Variables

Oct 07, 2022

This post uses inline code blocks for very short code snippets, and images with alt text and links to GitHub for longer snippets. Feedback is welcome.

New programmers are taught about variables on day 1, but only through vague analogies like “boxes you can put things in.” Even experienced programmers sometimes have no more than an intuitive understanding of what the word “variable” means. Let’s nerd out a little this week, and take a deeper look at what a variable is.

Mathematics

In mathematics, a variable is a name bound to a value. A statement like x = 5 binds the name x to the value 5. A “name” is usually a letter, word, or short phrase. Sometimes somebody gets wacky and declares a variable whose name is a shape or a cartoon character or something.

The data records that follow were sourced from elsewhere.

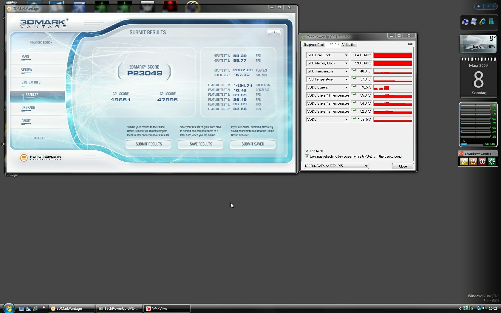 Die von GPUz angegebene Stromstärke von 46A dagegen bezieht sich auf eine ganz andere Spannung, auf die VDDC. Ich kenne die Spannungen einer GTX 295 nicht, aber das sollte zwischen 1V-1,5V sein.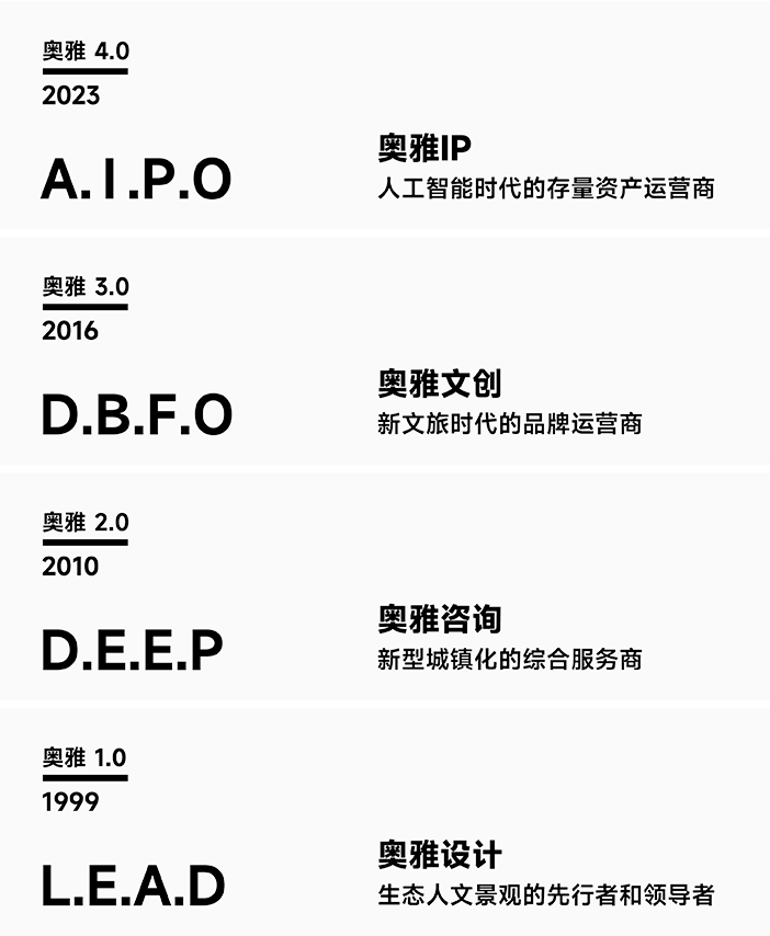 經過多年的戰(zhàn)略布局與發(fā)展,在李方悅女士的推動下,奧雅股份從一家設計企業(yè)成功轉型成為新銳的輕資產文旅開發(fā)運營企業(yè)。奧雅以“創(chuàng)造更美好的人居環(huán)境”“讓空間賦予生命”為使命,以雙輪驅動+雙引擎為發(fā)展格局,即創(chuàng)意設計+親子文旅雙輪驅動、AIGC+IP雙引擎;經營業(yè)務范圍涵蓋創(chuàng)意設計、親子文旅、數字科技等領域,為城市更新、鄉村振興、文化古城等不同場景提供全程化咨詢與綜合運營服務。在實現企業(yè)價值和理想的同時,解決當代中國的實際問題與需求,創(chuàng)造具有地域特色、人性化和充滿活力的新舊城市空間和綜合文化旅游項目。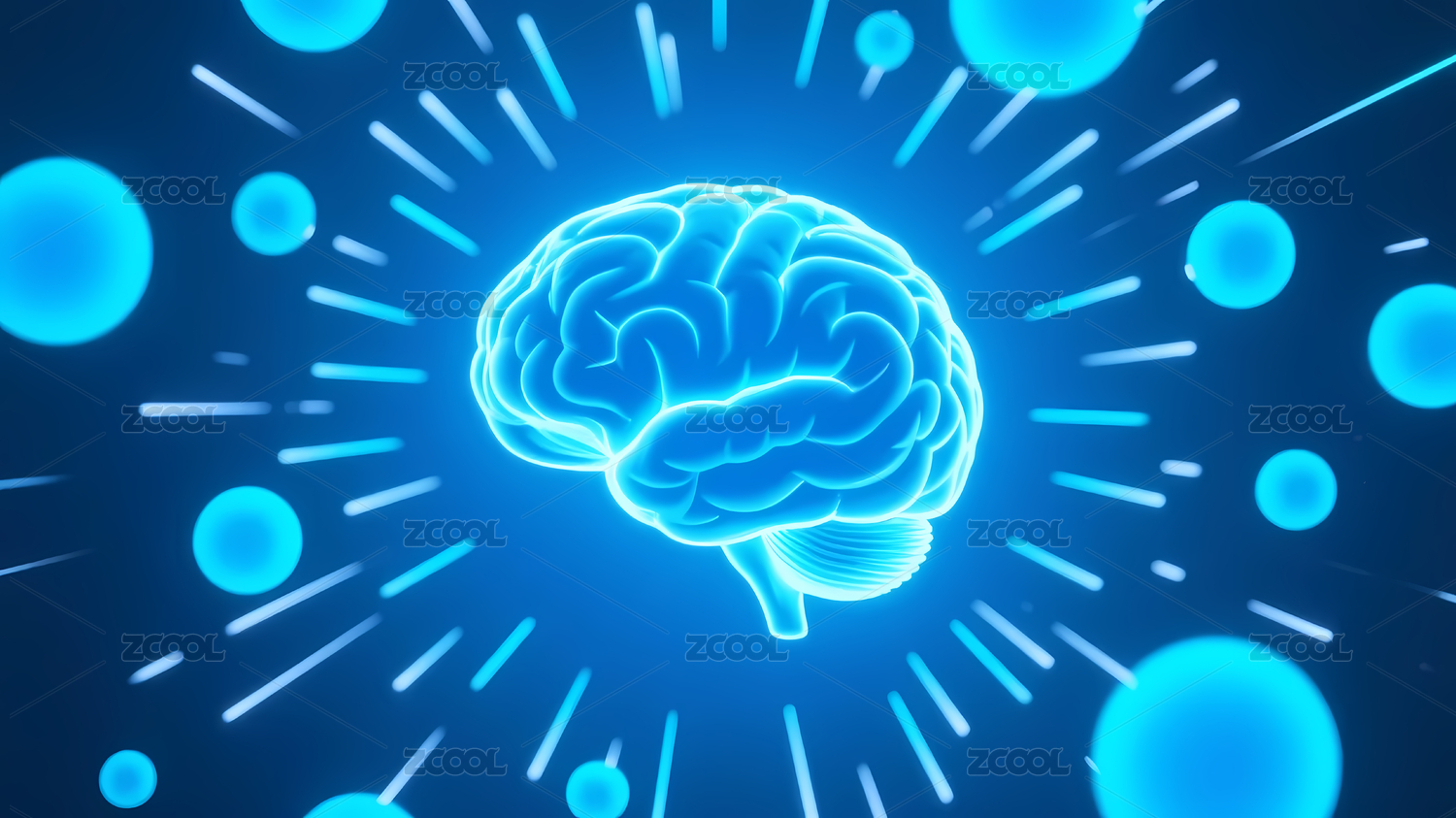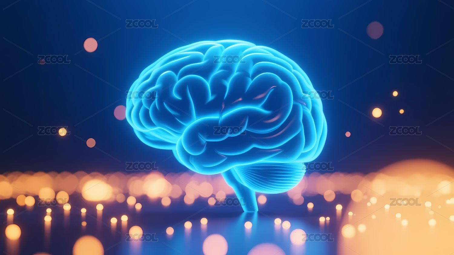 发光蓝色大脑与橙色光点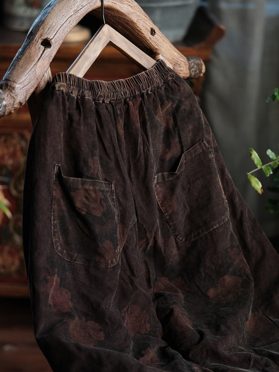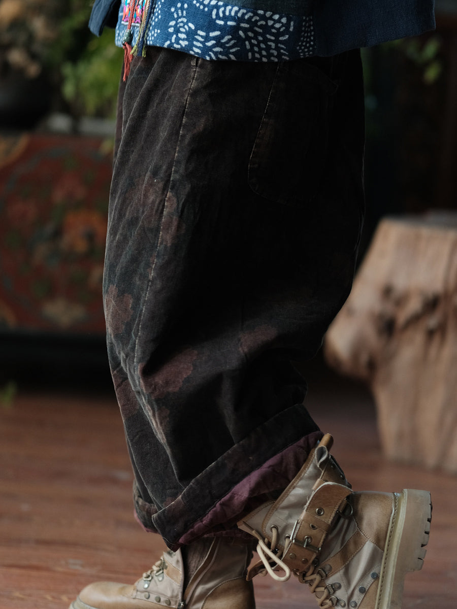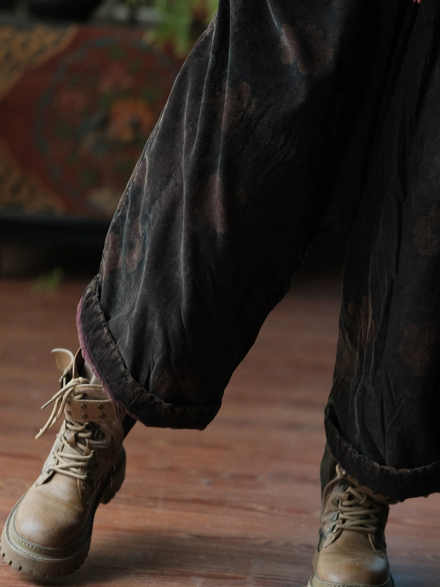 Women Winter Flower Padded Cotton Wide-leg Pants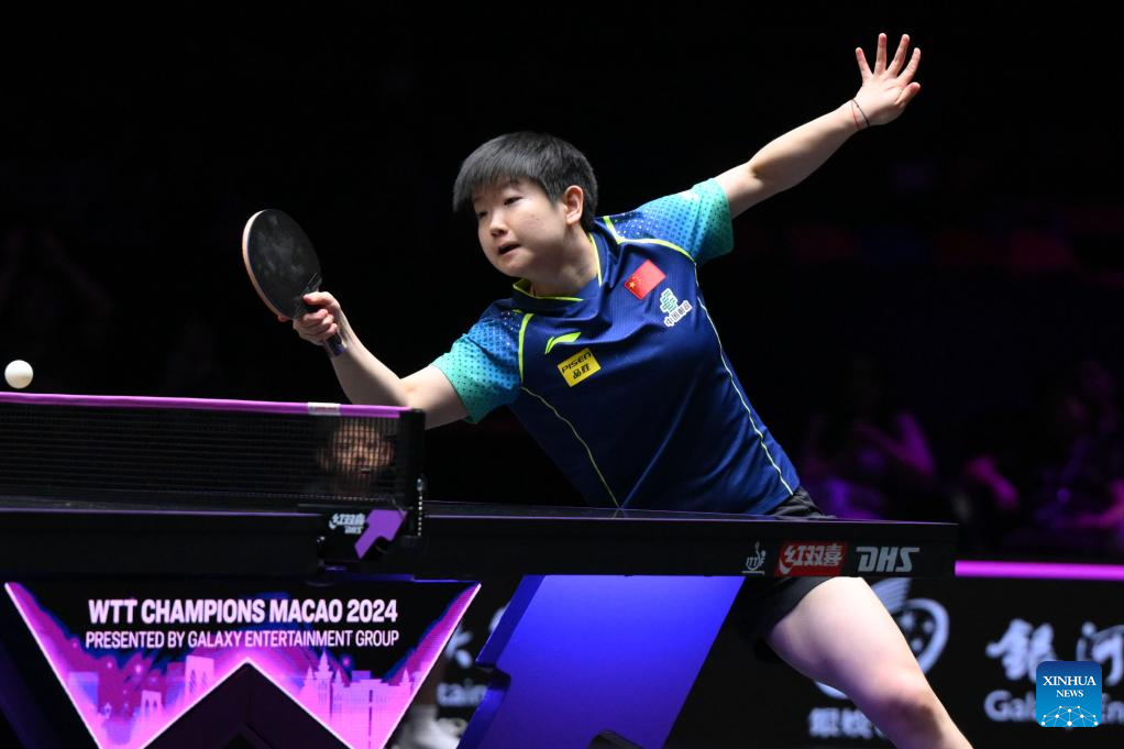 Sun Yingsha of China hits a return during the women's singles round of 16 match between Sun Yingsha of China and Kim Nayeong of South Korea at the 2024 World Table Tennis (WTT) Champions Macao in Macao, south China, Sept. 11, 2024. (Xinhua/Cheong Kam Ka)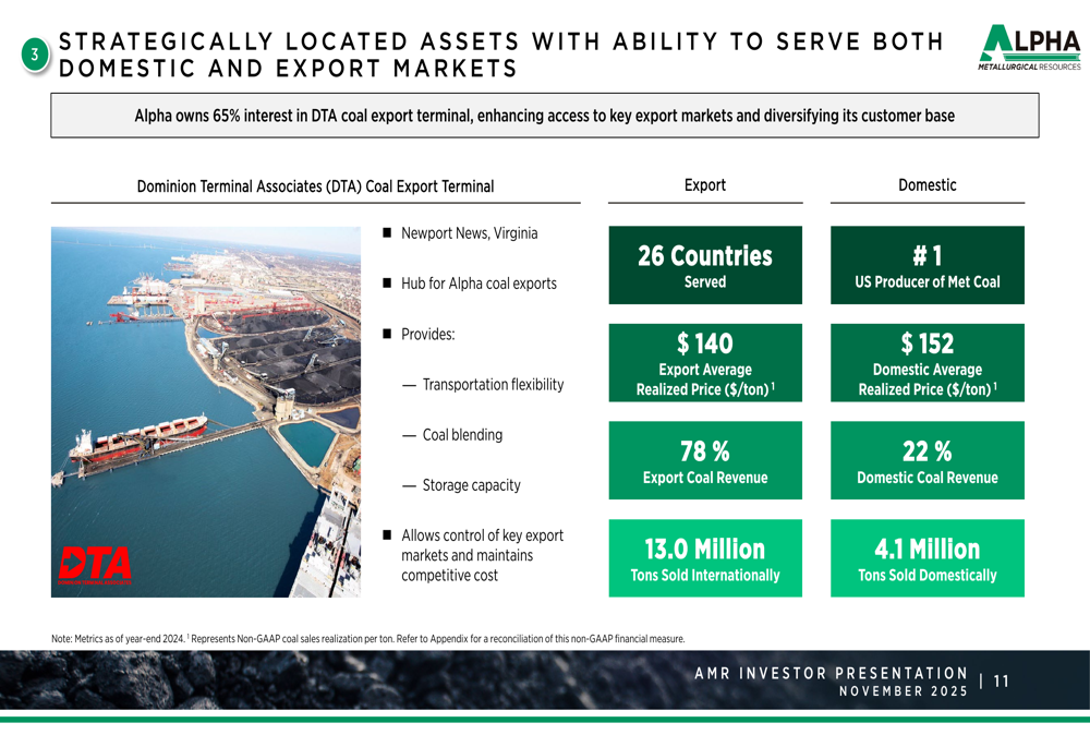 The company's strategic asset locations, particularly its ownership stake in the Dominion Terminal Associates (DTA) coal export terminal in Newport News, VA, provide Alpha with significant advantages in serving both domestic and international markets. In 2024, the company sold 13 million tons internationally across 26 countries, with exports representing 76% of total shipments.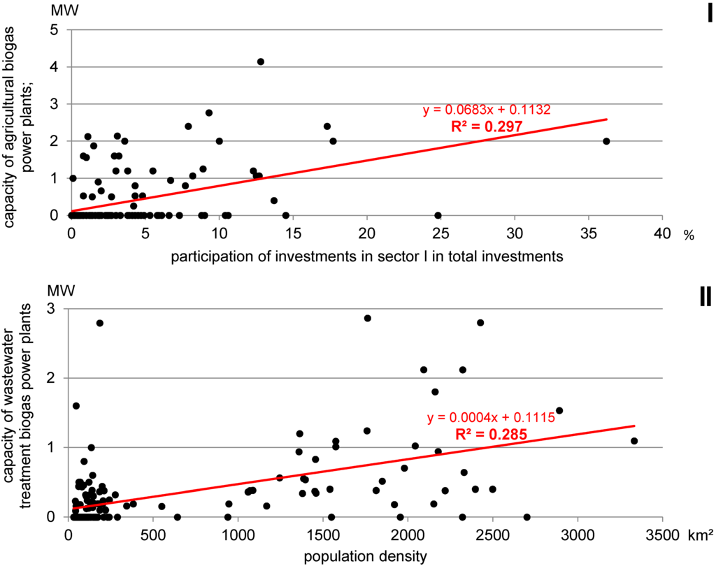 The study was based on the generally accepted methods for data quantification, processing, and presentation. For this purpose the authors used Statistica 9.0, IBM SPSS Statistics 22.0, and MapInfo Professional 12.0 software. In order to capture certain interdependences between the location of biogas plants and socio-economic characteristics, the correlation coefficients at the assumed significance level of 0.05%, and determination coefficients were calculated and a regression analysis was conducted for selected cases. The primary and secondary data, therefore, meet the criteria of credibility, methodological accuracy, reliability, and timeliness.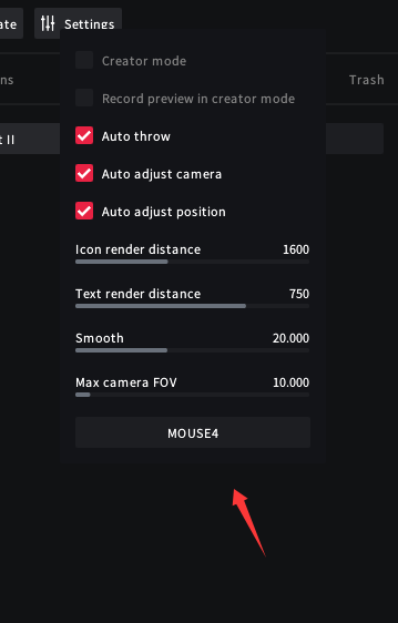 2. Settings:设置开关(投掷平滑度、投掷范围等都在里面调)

A “value” can be any timeless concept, like the number 5 or the color blue.

A variable may represent different values in different situations. For example, we can define functions that map argument values to result values, using variables called parameters to represent arguments abstractly. In the function definition f(x) = x + 1, the variable x is a parameter. In the function calls f(3) and f(5), x is bound to the arguments 3 and 5, respectively.

Values never, ever change. A value is forever. Variables that always represent the same value, like π for the ratio of a circle’s circumference to its diameter, are sometimes called constants. In fact, if you call π a variable instead of a constant, you’re likely to annoy a lot of pedants; but in your heart of hearts, know that symbolic constants like π are just variables that don’t vary.

Rose is a rose is a rose is a rose.
—Gertrude Stein, Sacred Emily

Code

In computer programming, a variable is a name bound to an object, which in turn represents a value. This extra level of indirection can be tough to explain, which is why it’s rarely taught to newcomers. Nevertheless, these concepts are fundamental to software engineering, and you ought to understand them if you do this stuff professionally.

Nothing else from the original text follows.